IRC Logs of #nouveau on irc.freenode.net for 2023-07-25

00:10 fdobridge: <karolherbst🐧🦀> Passed: 1/1 (100.0%) :3
00:12 fdobridge: <karolherbst🐧🦀> https://gitlab.freedesktop.org/mesa/mesa/-/merge_requests/24312
00:13 fdobridge: <karolherbst🐧🦀> the volta+ code emitter got that part right 🙃
00:13 fdobridge: <karolherbst🐧🦀> tomorrow I'll try to see how much that fixes
01:48 fdobridge: <gfxstrand> Feel free to make an NVK MR as well
02:10 dakr: airlied, gfxstrand: I just sent out a quite lengthy mail regarding the new uAPI and performance.
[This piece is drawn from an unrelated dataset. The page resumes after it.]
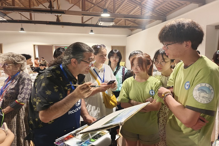 7月11日上午,乐动网页版登录入口_乐动网页版(中国)建筑学院“筑乡兴遗”国家级中华文化传承团赴黄山市黟县西递村,参加2024黟县西递、宏村国际水彩艺术季国际名家作品展。此次活动,传承团与来自20个国家的48位水彩艺术大师欢聚一堂,以画为媒,找寻文化交融的无限可能。

However, we can also keep discussing this in IRC.
02:12 dakr: https://gitlab.freedesktop.org/nouvelles/kernel/-/tree/new-uapi-drm-next-vm-resv should remove the impact of the amount of mappings from EXEC latency entirely. However, as mentioned in the mail the GPUVA manager parts are WIP and pretty hacked up still.
02:26 fdobridge: <airlied> sounds good, I'll let @Faith see if they have any concerns that it will end up faster
02:26 fdobridge: <airlied> @gfxstrand just created https://gitlab.freedesktop.org/nouveau/mesa/-/merge_requests/239 do dump nvidia driver cmd buffers from a layer
02:26 fdobridge: <airlied> it's based on your shader dumper
02:28 fdobridge: <gfxstrand> Cool
02:31 fdobridge: <airlied> dumping cond render shows I've even less clue how it should work
02:38 fdobridge: <gfxstrand> 🙃
03:06 fdobridge: <airlied> it does appears nvidia do a copy from local to host memory
03:08 fdobridge: <gfxstrand> Woohoo? 🙄
03:09 fdobridge: <gfxstrand> I guess that tells us we're not crazy
03:10 fdobridge: <airlied> it also does some MME on 3D class,
03:10 fdobridge: <airlied> which I can't dump
03:16 fdobridge: <gfxstrand> I mean if we have to do a tiny DMA to GART, I guess that's probably okay. The annoying but will be having to allocate GART-only memory. Most other stuff is fine with it being either VRAM or system.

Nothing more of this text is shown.